■ **TASK GOAL**: Look through the material below. Return exactly the lines from the one with "Signage for the" through the one with "Michael Connolly at", both included.

■ **RECORDED DATA**:
══════════

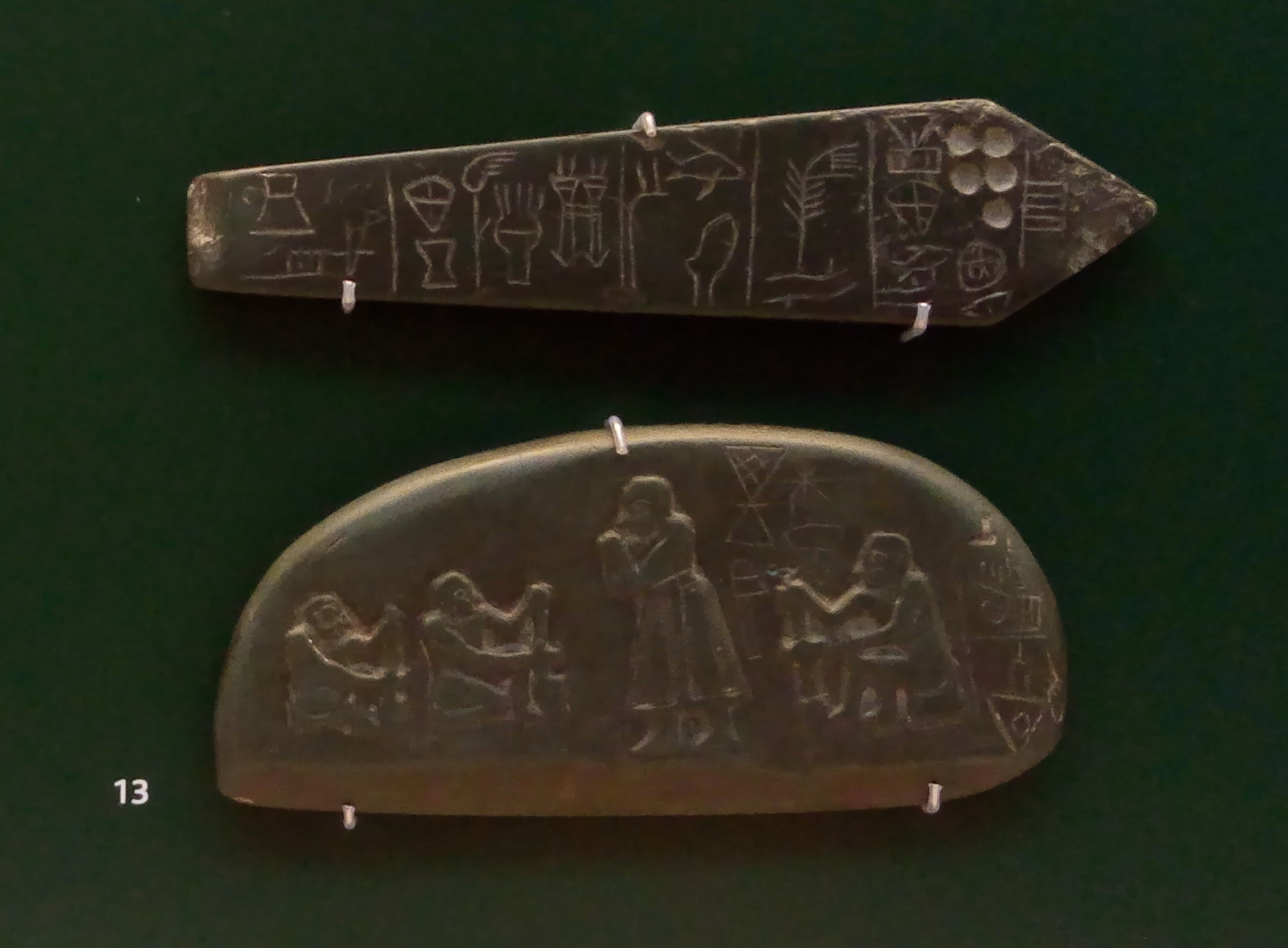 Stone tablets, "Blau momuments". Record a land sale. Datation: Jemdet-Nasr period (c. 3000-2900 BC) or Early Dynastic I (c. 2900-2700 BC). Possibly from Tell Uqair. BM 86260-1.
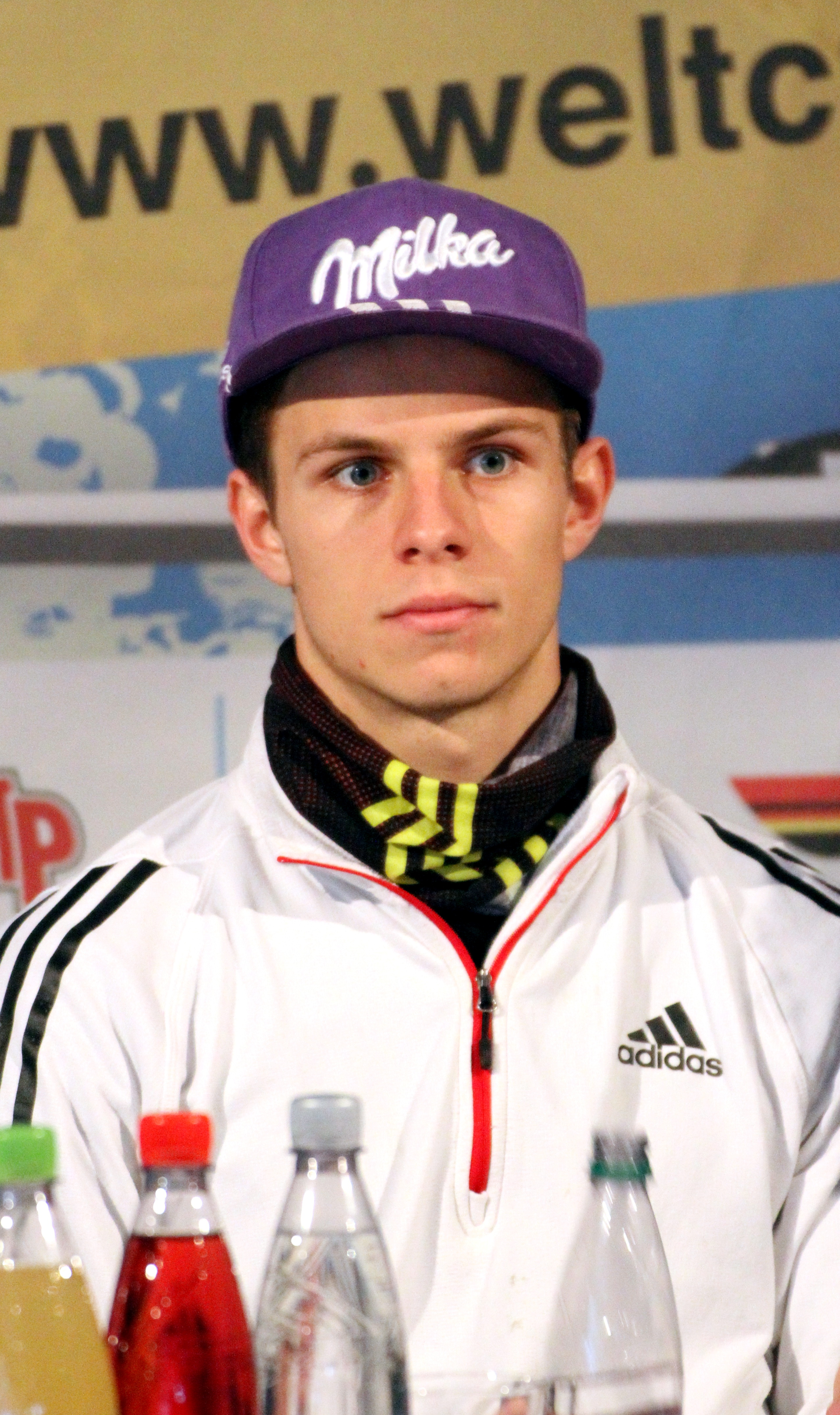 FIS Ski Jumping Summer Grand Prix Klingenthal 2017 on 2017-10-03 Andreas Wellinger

══════════

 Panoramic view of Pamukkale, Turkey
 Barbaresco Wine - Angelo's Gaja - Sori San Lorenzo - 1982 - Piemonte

══════════

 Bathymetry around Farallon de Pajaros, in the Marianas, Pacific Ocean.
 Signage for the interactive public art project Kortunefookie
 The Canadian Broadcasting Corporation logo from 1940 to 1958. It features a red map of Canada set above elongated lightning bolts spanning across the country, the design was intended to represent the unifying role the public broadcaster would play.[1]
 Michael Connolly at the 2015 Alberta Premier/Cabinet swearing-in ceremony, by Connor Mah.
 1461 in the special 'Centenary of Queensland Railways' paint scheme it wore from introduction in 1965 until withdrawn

══════════

■ **SOLUTION TO THE PROBLEM**:
 Signage for the interactive public art project Kortunefookie
 The Canadian Broadcasting Corporation logo from 1940 to 1958. It features a red map of Canada set above elongated lightning bolts spanning across the country, the design was intended to represent the unifying role the public broadcaster would play.[1]
 Michael Connolly at the 2015 Alberta Premier/Cabinet swearing-in ceremony, by Connor Mah.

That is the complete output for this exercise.